OBJECTIVE: To assess the frequency of delayed response to an abnormal prostate-specific antigen (PSA) value. PATIENTS AND METHODS: Retrospective review of prostate cancer cases diagnosed between January 1, 2000, and December 31, 2005, in a rural Department of Veterans Affairs health care system serving 44,000 veterans across 2 states. Clinician response was defined as a reference to the elevated PSA result in clinical notes, orders for further evaluation, treatment of presumed prostatitis, or a urology visit or referral. Delay was measured as days between an abnormal PSA result and clinician response. RESULTS: We identified 327 men who met inclusion criteria with an abnormal PSA value before prostate cancer diagnosis. At first PSA elevation, median age was 64 years; 94% were younger than 75 years. Of the 327 men, 253 (77.4%) had a timely (< or =30 days) response to an abnormal PSA value; 23 (7.0%) had between 31 and 180 days; 24 (7.3%), between 181 and 360 days; and 27 (8.3%), more than 360 days between an abnormal PSA measurement and clinician response. The delayed group had nearly an additional year's (309 days) lapse before completed urologic consultation and prostate gland biopsy (313 days) as compared with the timely group. The presence of urologic symptoms, abnormal results from rectal examination, higher PSA values, and higher PSA velocity (P<.05) were associated with timely clinician response to an abnormal PSA measurement. CONCLUSION: In a cohort of men with prostate cancer and an antecedent abnormal PSA value, 15.6% had more than 180 days between an abnormal PSA measurement and clinician response. These findings add to the growing literature demonstrating that missed results occur more frequently than is generally appreciated. Improved systems for clinical data management are needed.

The frequency of missed test results and associated treatment delays in a highly computerized health system.

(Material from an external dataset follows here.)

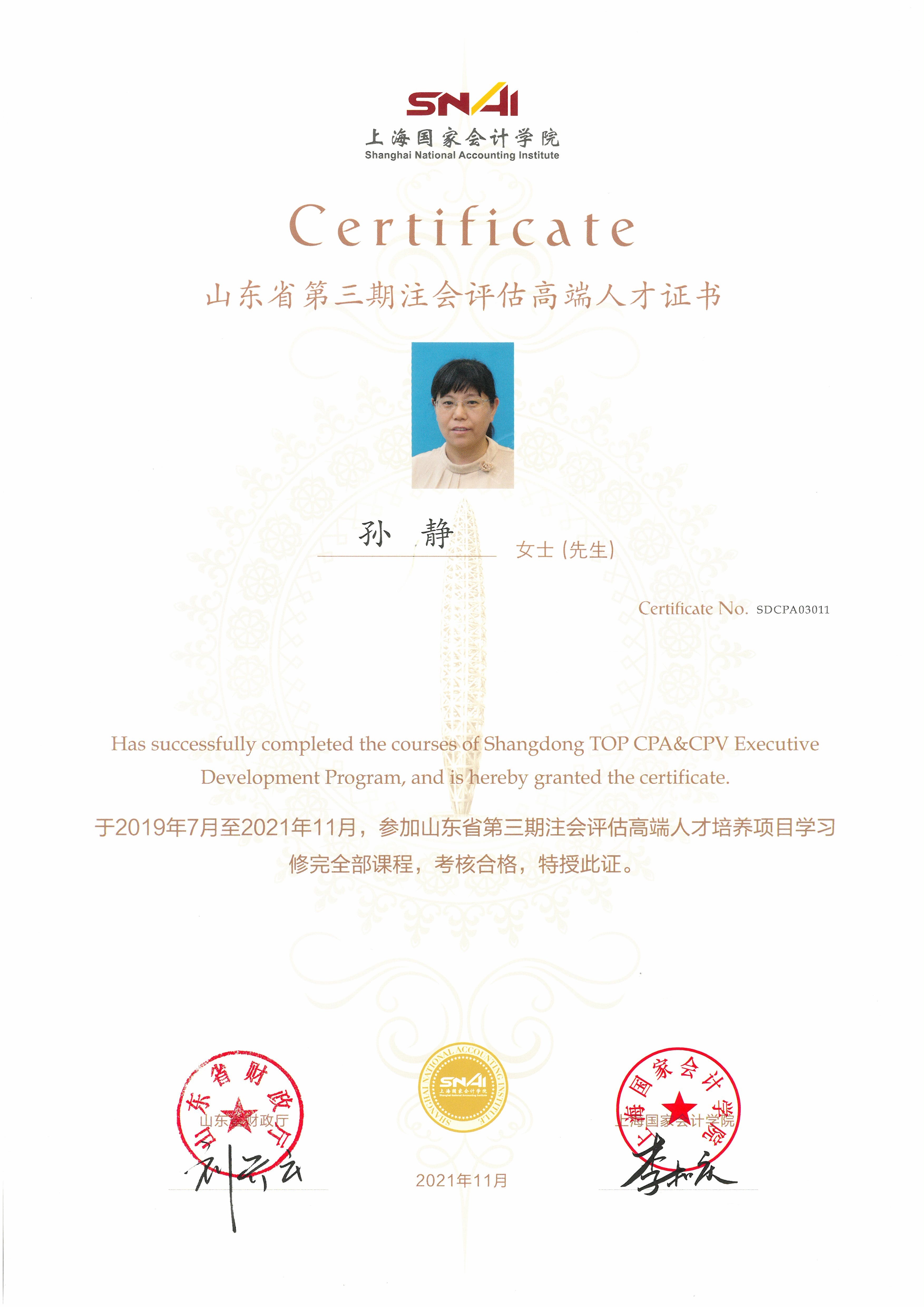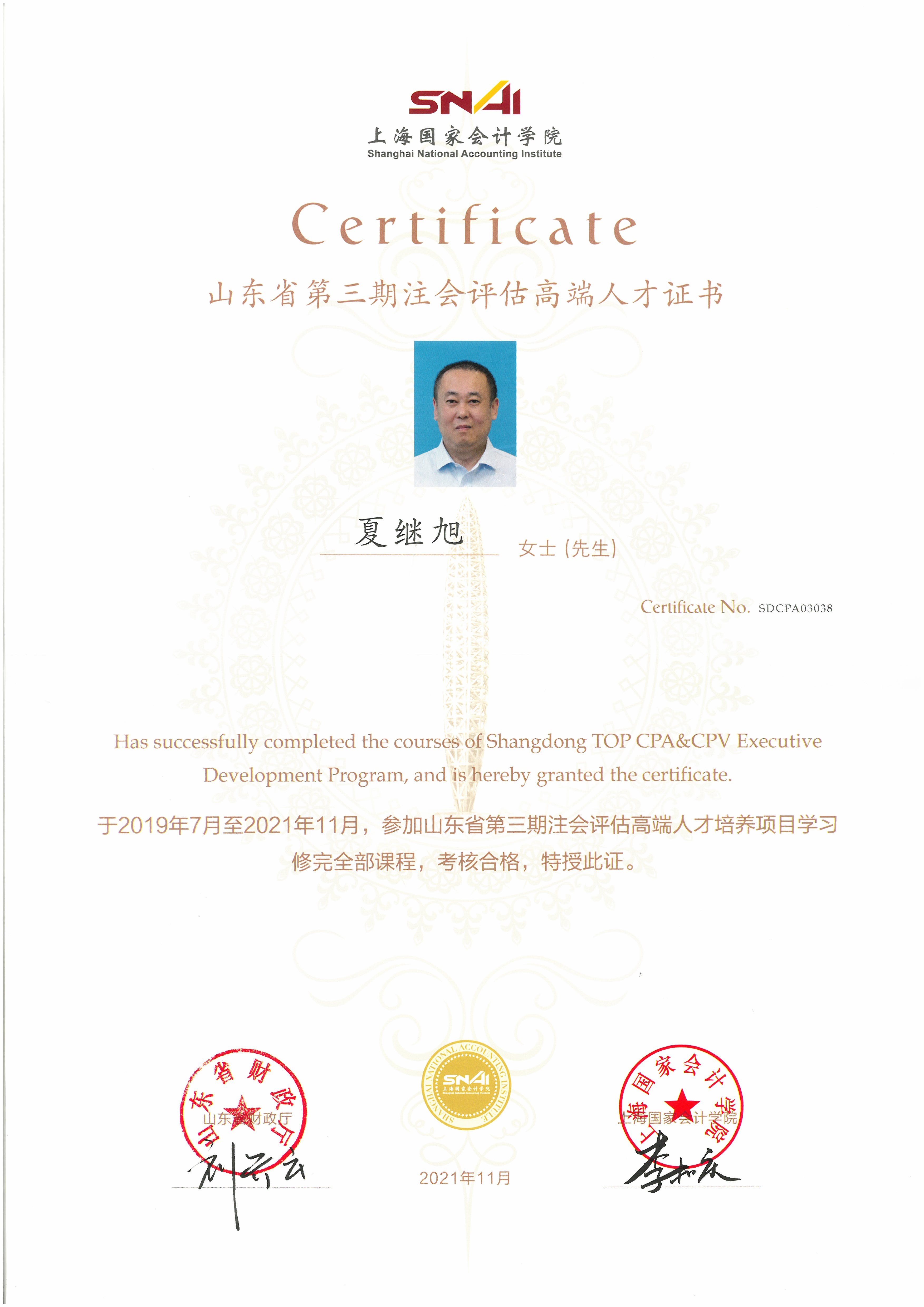 我事務(wù)所陳寶、夏繼旭、孫靜三名同志經(jīng)嚴(yán)格考核選拔為第三期高端人才培訓(xùn)人選,參加了為期三年的培訓(xùn),交出了一份出色的成績單,正式成為省高端人才,夏繼旭同志被評(píng)為優(yōu)秀學(xué)員。

BACKGROUND: Diagnostic errors associated with the failure to follow up on abnormal diagnostic studies ("missed results") are a potential cause of treatment delay and a threat to patient safety. Few data exist concerning the frequency of missed results and associated treatment delays within the Veterans Health Administration (VA). OBJECTIVE: The primary objective of the current study was to assess the frequency of missed results and resulting treatment delays encountered by primary care providers in VA clinics. METHODS: An anonymous on-line survey of primary care providers was conducted as part of the health systems ongoing quality improvement programs. We collected information from providers concerning their clinical effort (e.g., number of clinic sessions, number of patient visits per session), number of patients with missed abnormal test results, and the number and types of treatment delays providers encountered during the two week period prior to administration of our survey. RESULTS: The survey was completed by 106 out of 198 providers (54 percent response rate). Respondents saw and average of 86 patients per 2 week period. Providers encountered 64 patients with missed results during the two week period leading up to the study and 52 patients with treatment delays. The most common missed results included imaging studies (29 percent), clinical laboratory (22 percent), anatomic pathology (9 percent), and other (40 percent). The most common diagnostic delays were cancer (34 percent), endocrine problems (26 percent), cardiac problems (16 percent), and others (24 percent). CONCLUSION: Missed results leading to clinically important treatment delays are an important and likely underappreciated source of diagnostic error.